#### [Work request]
Beginning at the line that contains "٢٢٥ - وَبِهِ" and finishing at the line that contains "简介:本次展览由中共广东省委", output the data below exactly. Include both end lines and no pictures.

#### [Data listing]
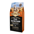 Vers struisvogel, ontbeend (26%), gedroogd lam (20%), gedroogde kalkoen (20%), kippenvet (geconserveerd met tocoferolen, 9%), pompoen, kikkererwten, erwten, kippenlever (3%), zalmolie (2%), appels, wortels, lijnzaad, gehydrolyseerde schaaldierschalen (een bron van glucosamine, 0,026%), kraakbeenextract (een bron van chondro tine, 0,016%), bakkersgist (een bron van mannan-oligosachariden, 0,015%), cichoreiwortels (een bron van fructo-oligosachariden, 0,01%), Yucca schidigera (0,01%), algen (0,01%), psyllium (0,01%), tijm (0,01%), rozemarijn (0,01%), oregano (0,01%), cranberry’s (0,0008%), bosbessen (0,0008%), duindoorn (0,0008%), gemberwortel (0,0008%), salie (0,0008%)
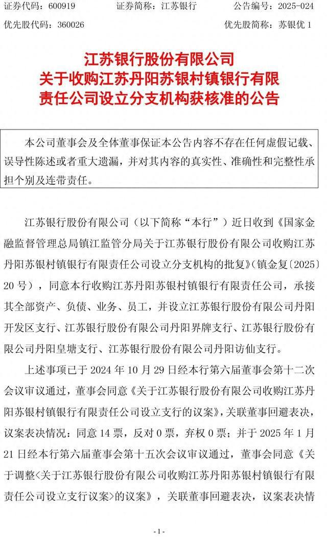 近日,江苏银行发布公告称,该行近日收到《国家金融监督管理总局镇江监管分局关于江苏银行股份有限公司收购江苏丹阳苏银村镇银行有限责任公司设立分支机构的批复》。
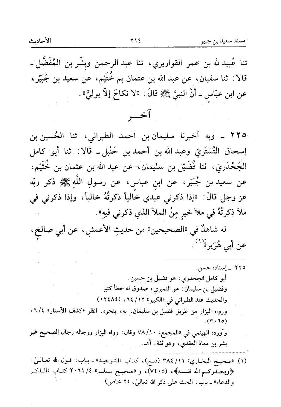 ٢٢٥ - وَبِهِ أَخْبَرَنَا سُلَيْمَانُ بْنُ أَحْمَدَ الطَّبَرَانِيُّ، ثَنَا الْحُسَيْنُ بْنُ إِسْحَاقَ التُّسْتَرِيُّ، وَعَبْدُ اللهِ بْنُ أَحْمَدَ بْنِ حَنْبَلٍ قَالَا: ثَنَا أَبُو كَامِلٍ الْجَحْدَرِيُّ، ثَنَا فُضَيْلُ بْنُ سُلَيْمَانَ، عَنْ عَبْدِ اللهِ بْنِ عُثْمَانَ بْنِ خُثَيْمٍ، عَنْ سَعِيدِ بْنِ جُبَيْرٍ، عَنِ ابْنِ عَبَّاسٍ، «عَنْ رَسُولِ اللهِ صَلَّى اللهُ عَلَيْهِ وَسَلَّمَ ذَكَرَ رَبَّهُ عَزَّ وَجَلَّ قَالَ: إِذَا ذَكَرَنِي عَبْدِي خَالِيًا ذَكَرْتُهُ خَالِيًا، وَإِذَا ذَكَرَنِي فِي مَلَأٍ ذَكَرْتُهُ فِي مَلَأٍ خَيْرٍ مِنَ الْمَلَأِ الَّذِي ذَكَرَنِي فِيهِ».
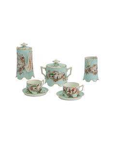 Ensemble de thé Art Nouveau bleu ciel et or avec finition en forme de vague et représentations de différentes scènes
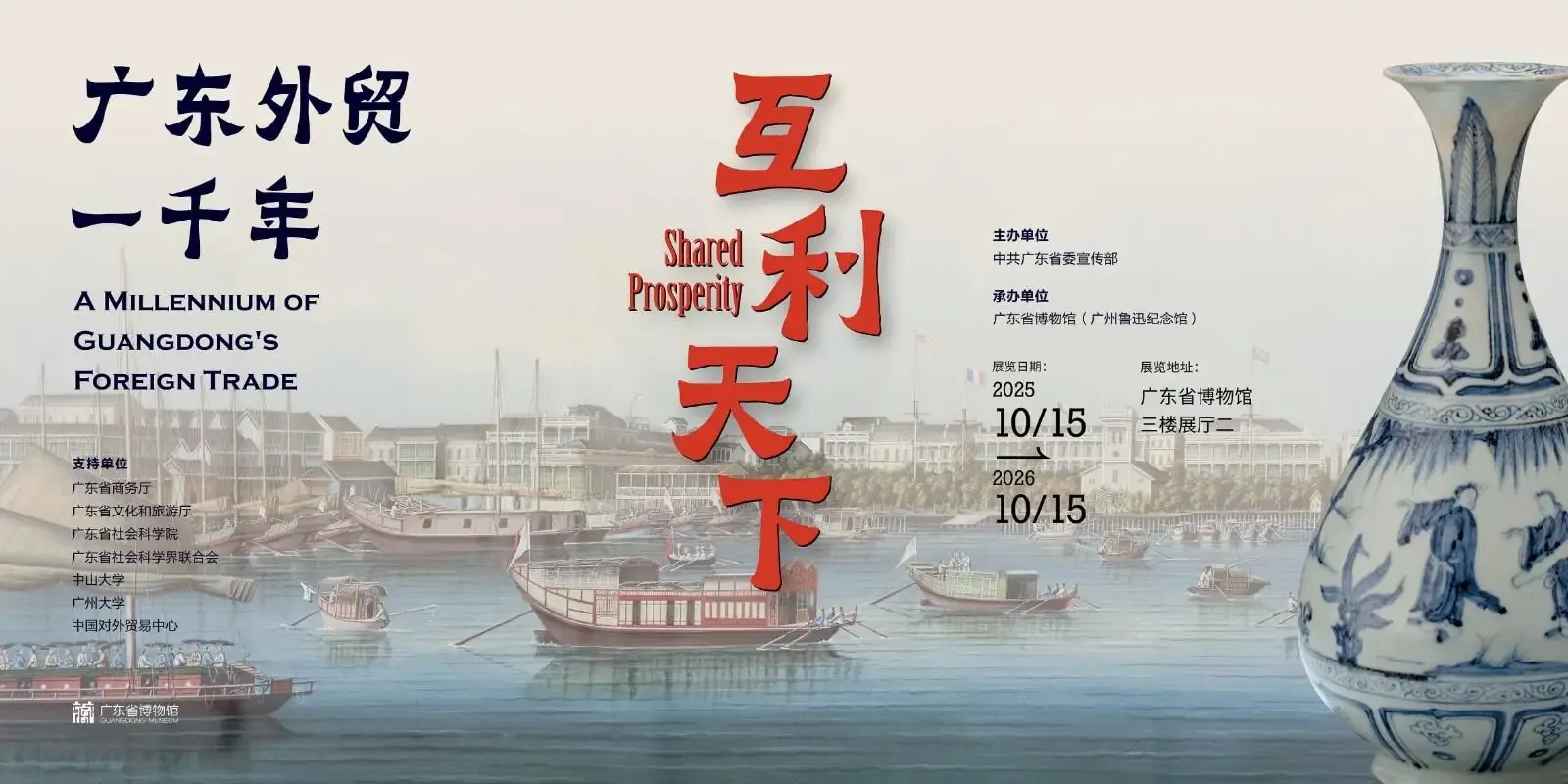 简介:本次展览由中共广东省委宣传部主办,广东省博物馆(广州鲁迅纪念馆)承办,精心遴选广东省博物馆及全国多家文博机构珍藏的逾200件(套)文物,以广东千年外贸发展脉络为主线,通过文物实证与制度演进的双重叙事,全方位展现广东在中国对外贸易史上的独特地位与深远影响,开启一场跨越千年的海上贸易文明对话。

...

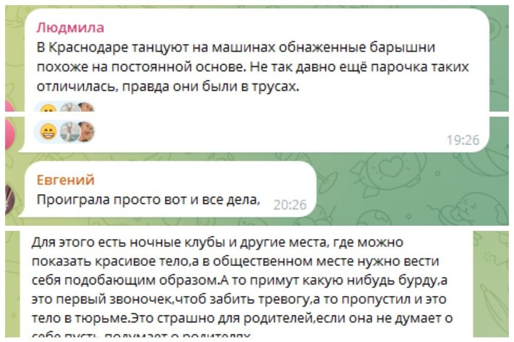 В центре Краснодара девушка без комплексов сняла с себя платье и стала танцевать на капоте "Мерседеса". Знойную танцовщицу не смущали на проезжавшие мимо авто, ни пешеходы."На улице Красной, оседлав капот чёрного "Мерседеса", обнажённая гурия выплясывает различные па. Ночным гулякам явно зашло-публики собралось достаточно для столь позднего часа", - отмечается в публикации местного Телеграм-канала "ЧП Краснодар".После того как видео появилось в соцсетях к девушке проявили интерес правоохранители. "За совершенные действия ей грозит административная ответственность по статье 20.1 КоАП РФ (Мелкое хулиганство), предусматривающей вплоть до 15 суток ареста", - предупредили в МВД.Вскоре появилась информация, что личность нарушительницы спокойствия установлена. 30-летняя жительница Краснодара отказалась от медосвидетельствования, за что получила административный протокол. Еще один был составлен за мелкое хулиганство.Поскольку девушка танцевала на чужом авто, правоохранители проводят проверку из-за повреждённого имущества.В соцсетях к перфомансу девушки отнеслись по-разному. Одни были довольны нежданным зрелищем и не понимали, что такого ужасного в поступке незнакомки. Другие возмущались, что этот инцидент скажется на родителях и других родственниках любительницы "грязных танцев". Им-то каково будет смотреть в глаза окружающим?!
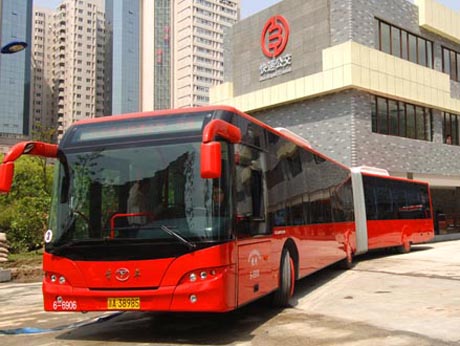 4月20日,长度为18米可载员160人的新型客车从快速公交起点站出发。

---

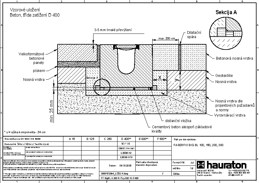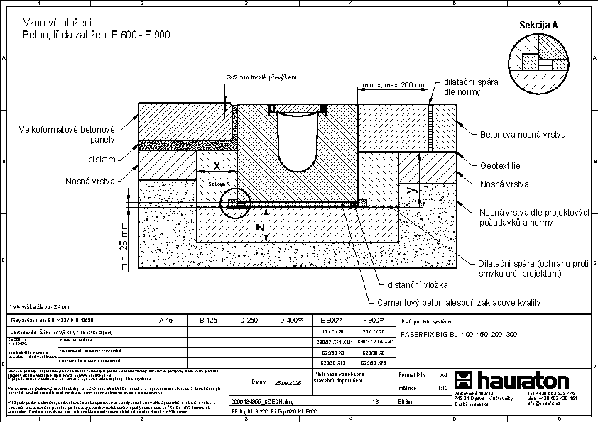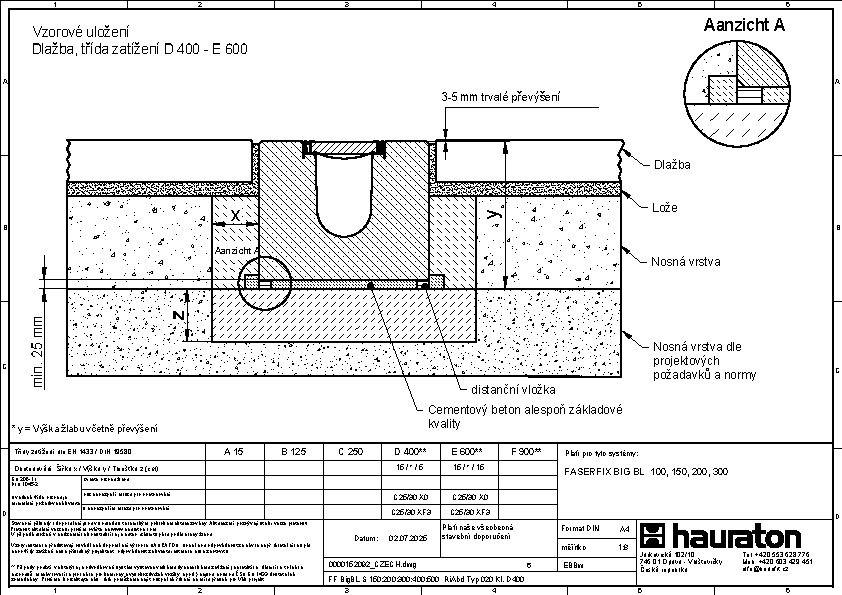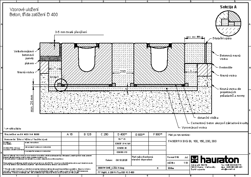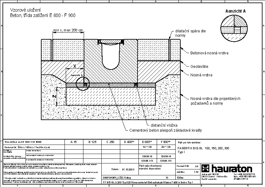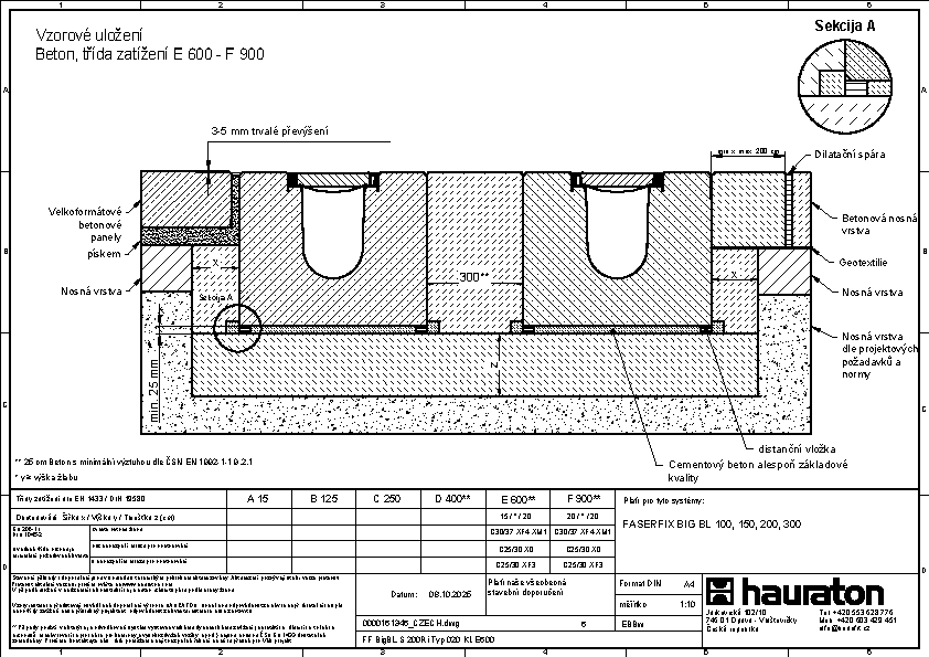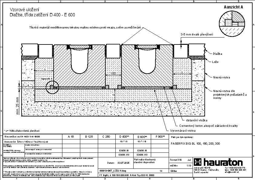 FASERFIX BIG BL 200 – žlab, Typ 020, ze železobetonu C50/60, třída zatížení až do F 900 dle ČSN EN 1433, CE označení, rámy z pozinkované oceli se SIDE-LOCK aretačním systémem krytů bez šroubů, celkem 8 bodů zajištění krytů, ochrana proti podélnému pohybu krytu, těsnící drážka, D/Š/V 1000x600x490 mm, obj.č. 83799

#### [Answer area]
 ٢٢٥ - وَبِهِ أَخْبَرَنَا سُلَيْمَانُ بْنُ أَحْمَدَ الطَّبَرَانِيُّ، ثَنَا الْحُسَيْنُ بْنُ إِسْحَاقَ التُّسْتَرِيُّ، وَعَبْدُ اللهِ بْنُ أَحْمَدَ بْنِ حَنْبَلٍ قَالَا: ثَنَا أَبُو كَامِلٍ الْجَحْدَرِيُّ، ثَنَا فُضَيْلُ بْنُ سُلَيْمَانَ، عَنْ عَبْدِ اللهِ بْنِ عُثْمَانَ بْنِ خُثَيْمٍ، عَنْ سَعِيدِ بْنِ جُبَيْرٍ، عَنِ ابْنِ عَبَّاسٍ، «عَنْ رَسُولِ اللهِ صَلَّى اللهُ عَلَيْهِ وَسَلَّمَ ذَكَرَ رَبَّهُ عَزَّ وَجَلَّ قَالَ: إِذَا ذَكَرَنِي عَبْدِي خَالِيًا ذَكَرْتُهُ خَالِيًا، وَإِذَا ذَكَرَنِي فِي مَلَأٍ ذَكَرْتُهُ فِي مَلَأٍ خَيْرٍ مِنَ الْمَلَأِ الَّذِي ذَكَرَنِي فِيهِ».
 Ensemble de thé Art Nouveau bleu ciel et or avec finition en forme de vague et représentations de différentes scènes
 简介:本次展览由中共广东省委宣传部主办,广东省博物馆(广州鲁迅纪念馆)承办,精心遴选广东省博物馆及全国多家文博机构珍藏的逾200件(套)文物,以广东千年外贸发展脉络为主线,通过文物实证与制度演进的双重叙事,全方位展现广东在中国对外贸易史上的独特地位与深远影响,开启一场跨越千年的海上贸易文明对话。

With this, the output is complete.